Unable to get the same results while formulating differently

rohitdavas opened this issue · 1 comments

I have been trying to write my own version of the code for figure 2.2 but I am unable to get the required type of graph.

Ofcourse, your code is working fine. I was taking help of your code and trying to formulate as Environment - agent interaction rather than your code which is framing both in one class.

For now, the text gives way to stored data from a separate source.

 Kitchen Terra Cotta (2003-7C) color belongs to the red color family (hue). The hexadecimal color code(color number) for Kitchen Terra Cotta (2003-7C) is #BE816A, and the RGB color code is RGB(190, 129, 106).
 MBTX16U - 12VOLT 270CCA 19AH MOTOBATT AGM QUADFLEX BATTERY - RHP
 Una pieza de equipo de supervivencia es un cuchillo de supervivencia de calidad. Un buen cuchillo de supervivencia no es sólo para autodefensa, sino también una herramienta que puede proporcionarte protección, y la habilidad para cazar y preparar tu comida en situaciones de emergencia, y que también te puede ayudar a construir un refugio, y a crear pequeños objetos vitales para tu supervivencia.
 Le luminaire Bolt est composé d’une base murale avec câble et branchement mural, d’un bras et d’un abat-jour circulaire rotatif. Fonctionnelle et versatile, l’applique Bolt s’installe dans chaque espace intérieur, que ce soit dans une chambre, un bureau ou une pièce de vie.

Can you see what should I improve ? I am not able to find mistake.

#graph support 
import matplotlib.pyplot as plt
import numpy as np
from tqdm import tqdm 

class Agent:
    ''' agent for bandit env 
        agent have following responsibilities
            
            - choosing the best action
            - updating the action value
        
    ''' 

    def __init__ ( self, epsilon = 0, n_actions = 10 ):
        self.epsilon = epsilon 
        self.q = np.zeros ( n_actions )
        self.q_steps = np.zeros_like ( self.q ) 
        self.n_actions = n_actions 

    def action ( self ) :
        if np.random.randn () < self.epsilon :
            return np.random.choice ( self.n_actions ) 
        else:
            q_best = np.max ( self.q )
            return np.random.choice ( np.where ( self.q == q_best)[0] ) 
    
    def _sampleAverage( self, action, reward ): 
        step_size = self.q_steps[action] 
        self.q[action] +=  ( reward - self.q[action] ) / step_size 

    def reset(self):
        self.q = np.zeros ( self.n_actions ) 
        self.q_steps = np.zeros_like ( self.q )

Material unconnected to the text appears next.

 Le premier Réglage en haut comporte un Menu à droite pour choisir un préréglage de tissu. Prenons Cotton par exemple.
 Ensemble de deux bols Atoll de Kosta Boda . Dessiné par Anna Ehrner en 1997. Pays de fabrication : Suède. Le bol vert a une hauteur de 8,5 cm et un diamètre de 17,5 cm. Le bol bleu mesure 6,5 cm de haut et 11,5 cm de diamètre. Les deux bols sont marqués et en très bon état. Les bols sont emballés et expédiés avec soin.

    def update ( self, action, reward ):
        self.q_steps[action] += 1
        self._sampleAverage( action, reward )
         

class Env: 
    ''' a k-arm bandit environment
        environment has following beaviour
        - given an action, return a reward 
        - there is no observation in bandits env
     ''' 

    def __init__( self, n_arm = 10) :
        self.n = n_arm

    def _init_reward ( self ): 
        # rewards are sampled from normal distribution of
        # mean = mean q_star(At) 
        # variance = 1 
        # thus the need to initialise the self.q_star 
        self.q_star =  np.random.randn ( self.n ) 

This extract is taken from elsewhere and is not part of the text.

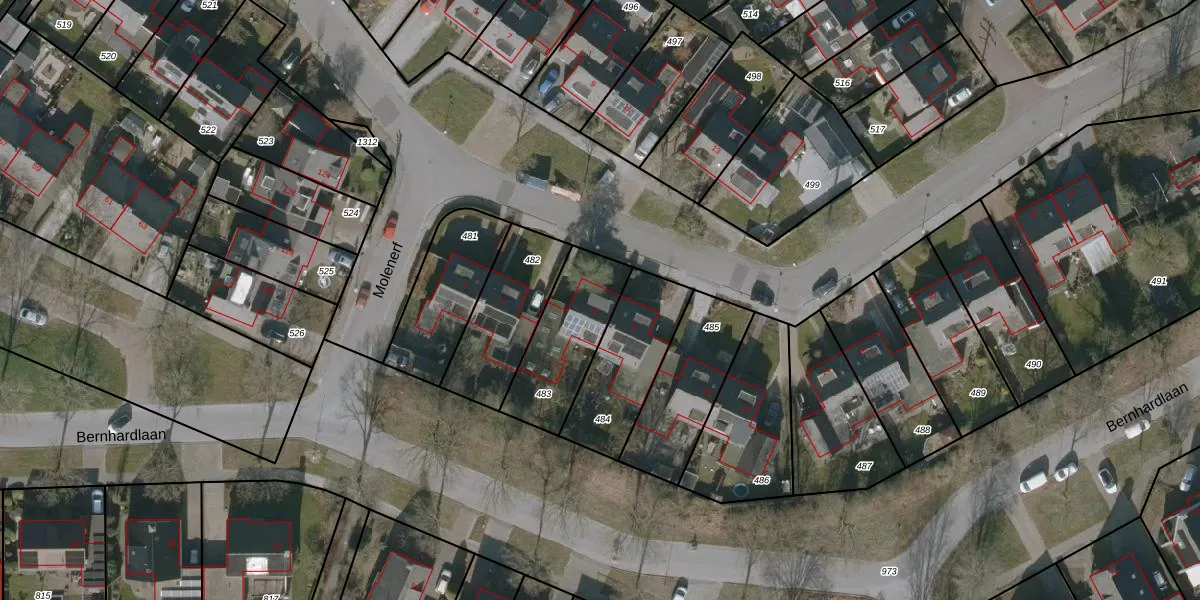 Het perceel waarop Molenerf 6 staat heeft een oppervlakte van 327 m². Dit is een groot perceel. De perceeloppervlakte wordt geregistreerd door het Kadaster. Gedetailleerde informatie over de maten van dit perceel kunt u vinden in het rapport Kadastrale kaart met maatvoering van Molenerf 6.

    def reward ( self, action, var = 1  ) :
        return var * np.random.randn() + self.q_star[action] 

    def reset( self ) : 
        self._init_reward ()  
        self.best_action = np.argmax ( self.q_star ) 
    
    def step ( self, action ) :
        return self.reward ( action ) 


#------------------------------------------
# main function to simulate the behavior
#------------------------------------------

def single_run (  bandit_env, my_agent, steps = 1000 ):
    my_agent.reset()
    bandit_env.reset() 
    reward_series = np.zeros ( steps )

    for i in range ( steps ):
        action = my_agent.action() 
        reward = bandit_env.step(action)
        reward_series[i] = reward 
        my_agent.update ( action, reward ) 

    return reward_series 


def q2( runs = 2000 ) :
    epsilons = [ 0, 0.1, 0.01 ] 
    plt.figure( figsize= (10,20) ) 
    plt.xlabel ( "steps")
    plt.ylabel(" Average rewards") 

    for e in epsilons:
        reward_series = [] 
        my_agent = Agent(epsilon = e, n_actions= 10) 
        bandit_env = Env ( n_arm= 10)

        for _ in tqdm ( range( runs ) ) :
            reward_series.append ( single_run ( bandit_env, my_agent, steps = 1000 )  )
        plt.plot ( np.mean( reward_series, axis = 0 ) , label = "epsilon " + str (e) ) 

    plt.legend() 
    plt.savefig("./images/q2.png") 
    plt.close() 


if __name__ == "__main__":
    q2() 

Here is the graph I am getting :

The max value is not crossing 0.8
q2

I figured it out. thanks. closing it.

  • random action sampling from uniform distribution.